** Exercise **
What you should give back is a precise copy of the lines below from the one containing "Cam-Lock Plate & Spigot" through the one containing "Vintage Mason Jars: $2-3.00 ea.", with no pictures.

** Records for the exercise **
==========

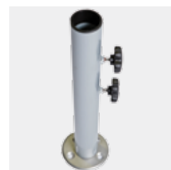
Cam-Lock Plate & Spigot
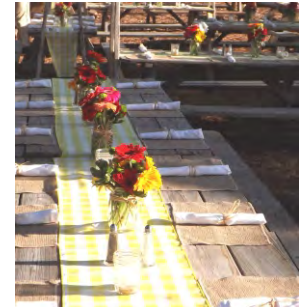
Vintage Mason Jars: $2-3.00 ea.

==========

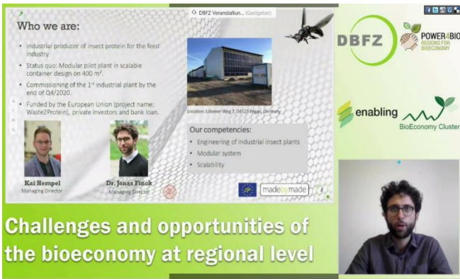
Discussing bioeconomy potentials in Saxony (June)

==========

** Response to the exercise **
Cam-Lock Plate & Spigot
Vintage Mason Jars: $2-3.00 ea.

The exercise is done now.